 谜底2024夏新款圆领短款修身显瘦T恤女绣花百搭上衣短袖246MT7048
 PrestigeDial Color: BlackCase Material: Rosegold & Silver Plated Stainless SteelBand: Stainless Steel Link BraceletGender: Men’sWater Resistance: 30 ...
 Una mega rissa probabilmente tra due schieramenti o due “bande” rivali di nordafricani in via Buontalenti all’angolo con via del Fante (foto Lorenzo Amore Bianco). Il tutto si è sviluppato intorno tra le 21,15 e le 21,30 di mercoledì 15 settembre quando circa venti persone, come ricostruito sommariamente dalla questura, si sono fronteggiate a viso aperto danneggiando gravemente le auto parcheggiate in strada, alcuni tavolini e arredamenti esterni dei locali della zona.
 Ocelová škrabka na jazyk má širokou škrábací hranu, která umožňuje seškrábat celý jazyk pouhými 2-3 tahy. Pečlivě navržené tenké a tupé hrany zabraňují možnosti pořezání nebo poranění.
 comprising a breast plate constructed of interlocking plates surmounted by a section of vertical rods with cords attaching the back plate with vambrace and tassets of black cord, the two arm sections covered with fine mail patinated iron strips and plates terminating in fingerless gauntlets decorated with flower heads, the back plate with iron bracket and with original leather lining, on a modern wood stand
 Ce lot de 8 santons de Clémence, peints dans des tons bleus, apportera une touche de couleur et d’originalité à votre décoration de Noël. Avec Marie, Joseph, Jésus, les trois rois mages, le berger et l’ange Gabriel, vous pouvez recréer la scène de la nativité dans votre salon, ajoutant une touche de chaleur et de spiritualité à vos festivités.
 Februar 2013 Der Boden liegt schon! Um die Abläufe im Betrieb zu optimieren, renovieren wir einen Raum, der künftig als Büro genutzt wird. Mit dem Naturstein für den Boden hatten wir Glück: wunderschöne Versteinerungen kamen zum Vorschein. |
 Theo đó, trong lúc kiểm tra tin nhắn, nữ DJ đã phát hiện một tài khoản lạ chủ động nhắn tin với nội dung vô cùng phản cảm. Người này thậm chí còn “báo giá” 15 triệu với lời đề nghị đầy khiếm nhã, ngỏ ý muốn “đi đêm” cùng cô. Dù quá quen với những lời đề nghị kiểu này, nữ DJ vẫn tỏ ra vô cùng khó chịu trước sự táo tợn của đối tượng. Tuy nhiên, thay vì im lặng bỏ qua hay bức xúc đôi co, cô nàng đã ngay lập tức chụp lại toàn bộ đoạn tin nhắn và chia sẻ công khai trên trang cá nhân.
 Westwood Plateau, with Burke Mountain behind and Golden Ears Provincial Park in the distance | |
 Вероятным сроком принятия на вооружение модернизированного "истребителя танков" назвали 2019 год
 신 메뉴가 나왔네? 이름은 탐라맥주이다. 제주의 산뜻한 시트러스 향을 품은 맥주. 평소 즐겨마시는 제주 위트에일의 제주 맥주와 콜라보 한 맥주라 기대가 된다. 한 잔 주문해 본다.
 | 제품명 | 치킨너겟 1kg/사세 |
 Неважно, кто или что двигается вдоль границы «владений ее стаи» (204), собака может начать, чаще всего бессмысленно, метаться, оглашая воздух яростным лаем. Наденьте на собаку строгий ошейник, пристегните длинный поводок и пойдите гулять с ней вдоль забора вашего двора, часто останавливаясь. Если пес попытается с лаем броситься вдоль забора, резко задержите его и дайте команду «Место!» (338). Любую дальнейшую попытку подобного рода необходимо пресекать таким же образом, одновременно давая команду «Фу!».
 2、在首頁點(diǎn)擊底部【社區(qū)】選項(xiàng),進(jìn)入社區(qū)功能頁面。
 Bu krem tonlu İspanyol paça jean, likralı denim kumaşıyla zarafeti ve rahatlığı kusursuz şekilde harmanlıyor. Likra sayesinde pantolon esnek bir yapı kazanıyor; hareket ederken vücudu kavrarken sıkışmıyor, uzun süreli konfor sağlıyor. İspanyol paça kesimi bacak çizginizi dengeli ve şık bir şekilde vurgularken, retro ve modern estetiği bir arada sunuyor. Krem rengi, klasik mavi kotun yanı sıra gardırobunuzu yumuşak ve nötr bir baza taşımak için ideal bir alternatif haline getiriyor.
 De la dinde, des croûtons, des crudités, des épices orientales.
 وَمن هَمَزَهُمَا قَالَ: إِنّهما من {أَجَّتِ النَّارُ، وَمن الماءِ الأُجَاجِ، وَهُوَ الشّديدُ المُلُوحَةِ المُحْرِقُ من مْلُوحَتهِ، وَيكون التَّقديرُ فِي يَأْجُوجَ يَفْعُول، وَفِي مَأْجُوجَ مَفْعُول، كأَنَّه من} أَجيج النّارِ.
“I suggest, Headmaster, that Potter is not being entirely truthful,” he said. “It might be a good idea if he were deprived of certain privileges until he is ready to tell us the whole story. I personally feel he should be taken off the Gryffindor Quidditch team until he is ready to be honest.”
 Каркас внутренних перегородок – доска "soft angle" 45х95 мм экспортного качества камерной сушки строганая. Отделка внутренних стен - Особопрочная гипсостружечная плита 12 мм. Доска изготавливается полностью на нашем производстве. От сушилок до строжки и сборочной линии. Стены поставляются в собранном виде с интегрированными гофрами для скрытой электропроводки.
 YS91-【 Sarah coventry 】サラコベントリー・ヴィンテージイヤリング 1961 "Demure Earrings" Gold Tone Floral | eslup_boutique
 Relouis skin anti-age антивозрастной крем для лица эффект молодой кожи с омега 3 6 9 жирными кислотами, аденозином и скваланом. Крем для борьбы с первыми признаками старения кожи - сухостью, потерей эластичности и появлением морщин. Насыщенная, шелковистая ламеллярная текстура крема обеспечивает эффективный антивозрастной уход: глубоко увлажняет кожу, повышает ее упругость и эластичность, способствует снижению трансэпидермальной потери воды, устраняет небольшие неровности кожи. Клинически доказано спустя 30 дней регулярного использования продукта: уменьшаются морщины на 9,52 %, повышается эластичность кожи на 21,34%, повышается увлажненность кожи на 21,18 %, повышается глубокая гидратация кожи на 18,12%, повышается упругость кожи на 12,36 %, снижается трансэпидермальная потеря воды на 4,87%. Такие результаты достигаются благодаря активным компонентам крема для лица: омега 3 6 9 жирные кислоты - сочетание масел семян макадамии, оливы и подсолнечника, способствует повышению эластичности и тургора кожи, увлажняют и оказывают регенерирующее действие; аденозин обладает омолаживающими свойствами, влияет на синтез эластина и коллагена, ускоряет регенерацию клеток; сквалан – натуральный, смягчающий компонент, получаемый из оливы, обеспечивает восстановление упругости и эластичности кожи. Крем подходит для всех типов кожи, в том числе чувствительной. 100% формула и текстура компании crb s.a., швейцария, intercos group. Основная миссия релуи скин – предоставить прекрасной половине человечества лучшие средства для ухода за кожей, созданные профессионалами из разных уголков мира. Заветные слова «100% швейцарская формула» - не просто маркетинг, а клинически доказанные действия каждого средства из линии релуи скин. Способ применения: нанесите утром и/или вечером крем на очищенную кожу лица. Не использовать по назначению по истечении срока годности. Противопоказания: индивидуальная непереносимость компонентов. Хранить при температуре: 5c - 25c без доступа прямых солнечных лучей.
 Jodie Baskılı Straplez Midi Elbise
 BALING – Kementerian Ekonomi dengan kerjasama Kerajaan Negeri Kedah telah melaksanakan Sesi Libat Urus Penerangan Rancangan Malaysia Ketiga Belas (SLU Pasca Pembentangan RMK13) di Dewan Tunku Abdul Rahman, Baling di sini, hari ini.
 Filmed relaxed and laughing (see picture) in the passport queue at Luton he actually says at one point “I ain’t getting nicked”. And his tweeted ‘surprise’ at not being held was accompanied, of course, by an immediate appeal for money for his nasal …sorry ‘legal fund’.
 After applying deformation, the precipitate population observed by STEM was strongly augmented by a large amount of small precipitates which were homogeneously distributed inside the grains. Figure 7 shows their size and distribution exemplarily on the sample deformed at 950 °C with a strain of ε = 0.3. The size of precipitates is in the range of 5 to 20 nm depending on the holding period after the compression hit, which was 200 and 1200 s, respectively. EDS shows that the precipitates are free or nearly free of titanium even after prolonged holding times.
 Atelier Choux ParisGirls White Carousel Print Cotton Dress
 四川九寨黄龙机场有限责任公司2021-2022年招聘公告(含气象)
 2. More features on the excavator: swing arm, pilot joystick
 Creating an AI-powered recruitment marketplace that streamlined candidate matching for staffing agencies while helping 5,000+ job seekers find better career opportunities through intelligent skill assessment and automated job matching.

·····

Of the lines in the data, report each one containing the string "with".

### EXERCISE ANSWER
 comprising a breast plate constructed of interlocking plates surmounted by a section of vertical rods with cords attaching the back plate with vambrace and tassets of black cord, the two arm sections covered with fine mail patinated iron strips and plates terminating in fingerless gauntlets decorated with flower heads, the back plate with iron bracket and with original leather lining, on a modern wood stand
 Westwood Plateau, with Burke Mountain behind and Golden Ears Provincial Park in the distance | |
 After applying deformation, the precipitate population observed by STEM was strongly augmented by a large amount of small precipitates which were homogeneously distributed inside the grains. Figure 7 shows their size and distribution exemplarily on the sample deformed at 950 °C with a strain of ε = 0.3. The size of precipitates is in the range of 5 to 20 nm depending on the holding period after the compression hit, which was 200 and 1200 s, respectively. EDS shows that the precipitates are free or nearly free of titanium even after prolonged holding times.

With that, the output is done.